The pseudocapacitive materials, like spinel NiCo2O4 (NCO), that use Faradaic reactions to store charge have been widespread paid attention for supercapacitors application. So, it is a basic fundamental guideline that the preparation of higher-performance pseudocapacitive materials depends on achieving and accelerating more Faradaic reactions in the aspect of electrodes. In this work, based on the mentioned principle, we report a facile method that could significantly promote the capacity of NiCo2O4 nanoelectrode through annealing precursor nanowires (NWs) in different volume ratios of N2 and O2 condition. The pristine NCO (VN2: VO2 = 0:1) only exhibited inferior performance with a specific capacitance of 0.88 F cm−2 (338.5 F g-1 at 2 mA cm−2) and capacitive retention of 54% from 2 to 30 mA cm−2. While, for a comparison, the highest comprehensive performance of NCO-9 (VN2:VO2 = 9:1) electrodes delivered superior specific capacitance of 3.8 F cm−2 (1461 F g-1 at 2 mA cm−2), excellent rate retention of 77% and good cycling stability.

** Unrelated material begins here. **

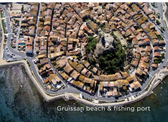
Gruissan beach & fishing port

These boosted pseudocapacitive properties both in capacity and rate capability are attributed to the severe oxygen vacancy defects introduced in nitrided NCO NWs. The involving richness-enabled oxygen defects significantly enhance the electron/ions transportation, and then efficiently alter the well-known capacitive surfacial reaction into bulk pattern in the charge-discharge cycles. This dramatically increased electron/ions kinetics and electrochemical cites for Faradaic reactions. These results provide a deep insight into correlating oxygen vacancies induced structural and chemical evolution on enhanced capacitive performances of redox-active-NiCo2O4 materials.